Pipeline¶
This section covers everything you need to know about creating and working with pipelines in the volnux framework.
Defining Pipeline¶
To define a pipeline, you need to inherit from the Pipeline class and create your custom implementation:
from volnux import Pipeline
class MyPipeline(Pipeline):
# Your input data fields will go here
pass
Defining Input Data Field¶
Input fields are defined using the InputDataField class or its variants. These fields represent the data that will flow through your pipeline:
from volnux import Pipeline
from volnux.fields import InputDataField
class MyPipeline(Pipeline):
# Define input fields as attributes
input_field = InputDataField(data_type=str, required=True)

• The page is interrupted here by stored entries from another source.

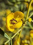The vegetation assemblage in Folland Park is one of the few remaining examples of the mallee woodland that once covered much of the Adelaide Plains.[8] The tallest canopy plants are Eucalyptus porosa, E. socialis and E. dumosa.[5] The under-storey is dominated by Senna artemisioides and various Acacias.[5] The ground layer includes chenopods, grasses and daisies.[5] The Native Pine can still be found in the park, though it is not as numerous as it once was.[5]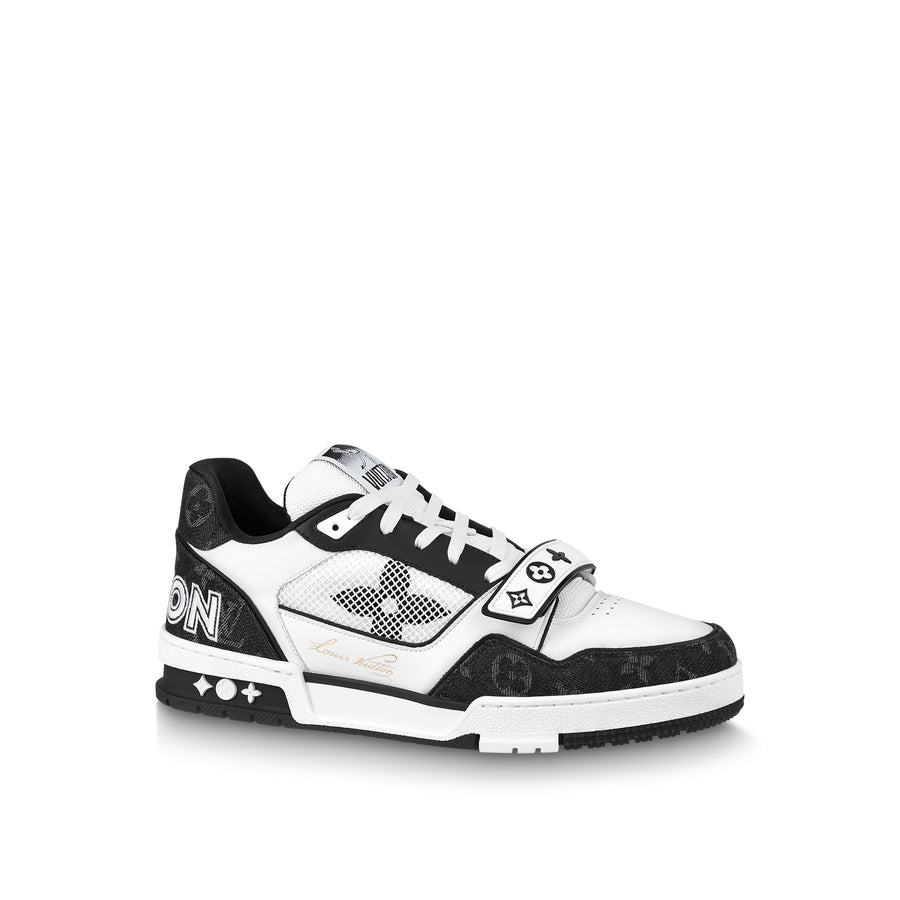 LV TRAINER GREEN MONOGRAM DENIM WHITE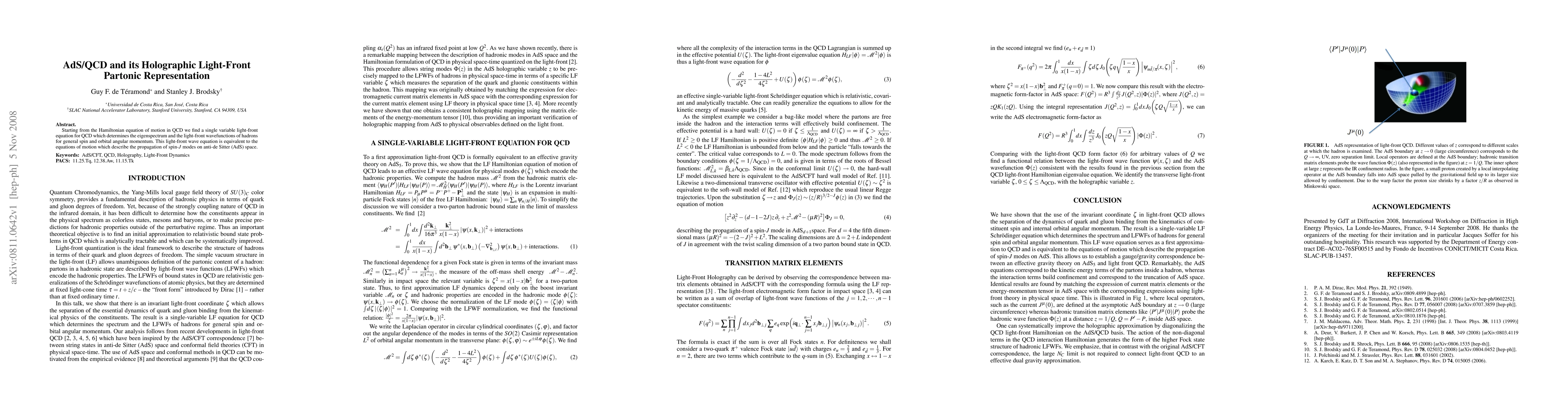 Starting from the Hamiltonian equation of motion in QCD we find a single variable light-front equation for QCD which determines the eigenspectrum and the light-front wavefunctions of hadrons for general spin and orbital angular momentum. This light-front wave equation is equivalent to the equations of motion which describe the propagation of spin-$J$ modes on anti-de Sitter (AdS) space.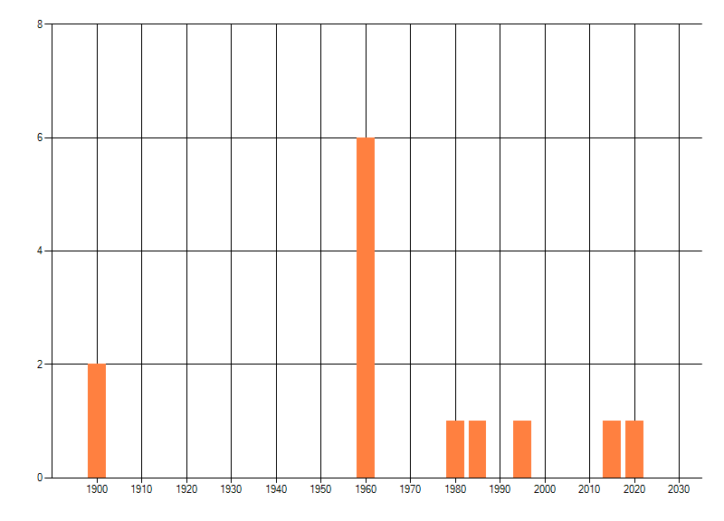 Het aantal atlasblokken (5x5 km) waarin de soort is gemeld binnen een periode van vijf jaar (vanaf 1980) of twintig jaar. Niet gecorrigeerd voor waarnemersinspanning en het aantal doorgegeven waarnemingen kan sterk variëren per periode, dus een trend in verspreiding kan hier niet direct uit worden afgelezen. Het opgegeven jaartal is het eerste jaar van de periode. Bron: gevalideerde waarnemingen uit de NDFF.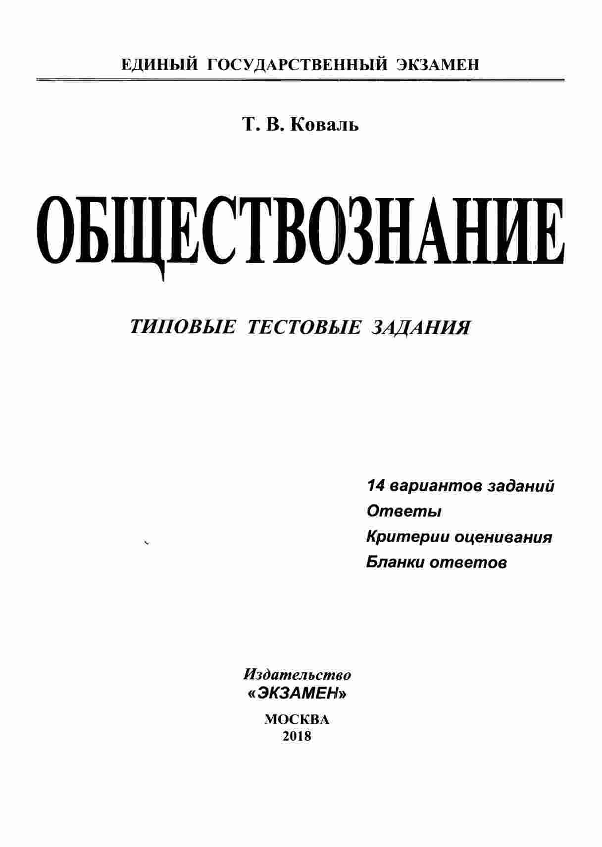 Книга "ЕГЭ 2018 Обществознание 14 вариантов Типовые тестовые задания" от автора Коваль представляет собой исчерпывающую коллекцию тестовых заданий, разработанных для подготовки к экзамену ЕГЭ по обществознанию. Содержащая 14 вариантов заданий, она предоставляет вам возможность попрактиковаться в решении разнообразных задач из области политики, экономики, социологии и права. Каждый вариант тщательно разработан, чтобы соответствовать структуре и сложности реального экзамена. Книга начинается с краткого введения, в котором автор предоставляет советы по стратегии и подходу к решению заданий. Затем следуют сами варианты с подробными ответами и объяснениями, что позволяет вам проверить свои знания и изучить ошибки. Эта книга станет вашим надежным партнером в подготовке к ЕГЭ по обществознанию и поможет вам уверенно сдать экзамен.

Defining Pipeline Structure¶
Pipeline structure is defined using the Pointy language, which provides a structured format to describe task execution flow.
Basic Pointy File¶
Create a file with the .pty extension matching your pipeline class name (e.g., MyPipeline.pty):
Fetch->Process->Execute->SaveToDB->Return
Alternative Configuration¶
You can also define the pipeline structure within your class using a Meta subclass:
class MyPipeline(Pipeline):
class Meta:
pointy = "A->B->C" # Pointy script
# OR
file = "/path/to/your/custom_pipeline.pty"
# Or using dictionary format
meta = {
"pointy": "A->B->C",
# OR
"file": "/path/to/your/custom_pipeline.pty"
}
Pointy Language Syntax¶
Operators¶
- Directional Operator (->):
Defines sequential flow:
A -> B # Execute event A, then B
- Parallel Operator (||):
Executes events concurrently:
A || B # Execute A and B in parallel
- Pipe Result Operator (|->):
Pipes results between events:
A |-> B # Pipe result of A into B
- Conditional Branching:
Define execution paths based on event outcomes:
A -> B (0 -> C, 1 -> D) # If B fails (0) execute C, if succeeds (1) execute D
- Retry Operator (*):
Specifies retry attempts for events:
A * 3 # Retry event A up to 3 times
Executing Pipeline¶
To execute your pipeline:
# Instantiate your pipeline class
pipeline = MyPipeline(input_field="value")
# Execute the pipeline
pipeline.start()
Visualizing Pipeline¶
You can visualize your pipeline structure using ASCII or graphviz:
# ASCII representation
pipeline.draw_ascii_graph()
# Graphical representation (requires graphviz)
pipeline.draw_graphviz_image(directory="path/to/output")
Batch Processing¶
For processing multiple batches of data in parallel:
Creating Pipeline Template¶
from volnux import Pipeline
from volnux.fields import InputDataField, FileInputDataField
class Simple(Pipeline):
name = InputDataField(data_type=list, batch_size=5)
book = FileInputDataField(required=True, chunk_size=1024)
Creating Batch Processing Class¶
from volnux.pipeline import BatchPipeline
from volnux.signal import SoftSignal
class SimpleBatch(BatchPipeline):
pipeline_template = Simple
listen_to_signals = [SoftSignal('task_completed'), SoftSignal('task_failed')]
The batch processing system will automatically handle parallel execution of pipeline instances based on your configuration.